Dataset excerpts
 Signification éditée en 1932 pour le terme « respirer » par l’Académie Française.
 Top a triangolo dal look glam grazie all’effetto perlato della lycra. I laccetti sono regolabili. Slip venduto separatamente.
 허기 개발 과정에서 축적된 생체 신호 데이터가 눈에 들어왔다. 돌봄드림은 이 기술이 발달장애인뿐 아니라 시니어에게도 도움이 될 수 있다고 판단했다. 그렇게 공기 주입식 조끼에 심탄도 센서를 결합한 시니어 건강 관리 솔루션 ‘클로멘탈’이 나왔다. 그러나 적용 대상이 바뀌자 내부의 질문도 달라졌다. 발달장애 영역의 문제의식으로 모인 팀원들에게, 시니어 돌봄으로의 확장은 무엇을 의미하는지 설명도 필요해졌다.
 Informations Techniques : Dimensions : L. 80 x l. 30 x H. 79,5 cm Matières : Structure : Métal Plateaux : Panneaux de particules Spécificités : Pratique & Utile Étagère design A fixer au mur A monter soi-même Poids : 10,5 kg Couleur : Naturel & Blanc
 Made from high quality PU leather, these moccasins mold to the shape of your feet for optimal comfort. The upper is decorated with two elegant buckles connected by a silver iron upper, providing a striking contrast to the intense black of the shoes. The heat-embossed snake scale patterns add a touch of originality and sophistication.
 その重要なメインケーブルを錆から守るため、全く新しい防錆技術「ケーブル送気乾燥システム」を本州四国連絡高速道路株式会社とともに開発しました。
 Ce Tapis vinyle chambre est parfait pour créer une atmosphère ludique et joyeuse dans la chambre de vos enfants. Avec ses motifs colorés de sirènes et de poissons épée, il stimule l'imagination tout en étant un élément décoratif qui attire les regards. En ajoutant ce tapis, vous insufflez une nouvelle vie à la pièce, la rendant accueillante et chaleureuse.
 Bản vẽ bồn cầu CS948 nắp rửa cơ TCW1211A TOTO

### Prompt
Beginning with the line that has "Ce Tapis vinyle", set down each line through the last one above, exactly, and nothing else.

### Solution to the exercise
 Ce Tapis vinyle chambre est parfait pour créer une atmosphère ludique et joyeuse dans la chambre de vos enfants. Avec ses motifs colorés de sirènes et de poissons épée, il stimule l'imagination tout en étant un élément décoratif qui attire les regards. En ajoutant ce tapis, vous insufflez une nouvelle vie à la pièce, la rendant accueillante et chaleureuse.
 Bản vẽ bồn cầu CS948 nắp rửa cơ TCW1211A TOTO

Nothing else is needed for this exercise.